Stage eleven was touted as a “last chance” for the sprinters before the climbers take the spotlight. Hopefully it was also a last chance for the riders to get their rain jackets out, although by the end of the race the rain was so heavy that nothing short of a comfortable team bus would have offered protection from the wet. Here at HQ Les Vaches we are also hoping that it was the last of the cow-free stages.
The coverage started promisingly. Included in the introductory montage was a shot we hadn’t seen yesterday – the group of Blondes from Thomas’ photo running alongside the peloton. Our lovely Le Mans correspondent, parisbug, tweeted her one of her favourite photos and, naturally, I took this as a portent, rather than just a sign.
The only hint of cattle came from one of our regular cowrespondents who was hardly confident of his sighting:
There *might* just have been a few white cows at 73.7. Too small to tell were they wasn’t cars instead.
Let’s call them cows, then. I’m not even going to review the footage to confirm or disprove the sighting, as it’s the only one we’ve got.

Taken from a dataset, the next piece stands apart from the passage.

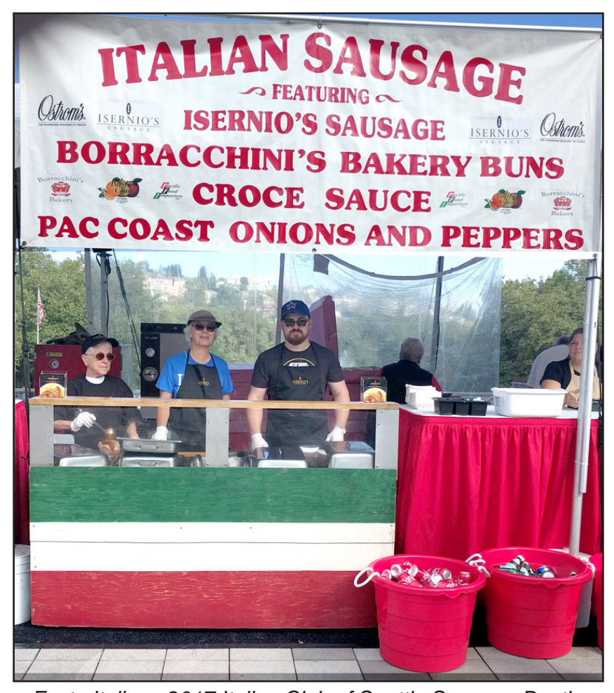
Festa Italiana 2017 Italian Club of Seattle Sausage Booth

With no cows to occupy us, speculation turned to the disparity between the amount of fodder and the number of fodder-consumers we were seeing. Stephen suggested that this was “the Contador factor… they move the cattle well away from the road”, which sounds plausible. Julie thought that perhaps les agriculteurs were capitalising on the recent trend for cooking things in hay, but unless our Michelin-starred chefs are cooking sunflower seeds in hay, or hay in hay (or desserts of hay and chamomile *cough*), I’d still expect to see some livestock (and if you can detect a plaintive tone, you’re spot on). Anyway, I’m not prepared to completely write off this stage for cows – our network of cowrespondents is a finely tuned cow-spotting machine and cyclismeabloc alerted us to this shot from stage nine:
Image: Team Sky
To the results. Lars Boom lived up to his name with an explosive late breakaway, but it all came to naught as the sprinters claimed the right to finish at the front ahead of a few stages where they’ll battle away in the grupetto. Cowvendish and Andre Greipel again fought it out for the stage win, with The Cowv making it across first. He will wear the green jersey for the first time this Tour tomorrow. No other jerseys change hands, so Thomas Veau-ckler will spend the Bastille Day stage in yellow.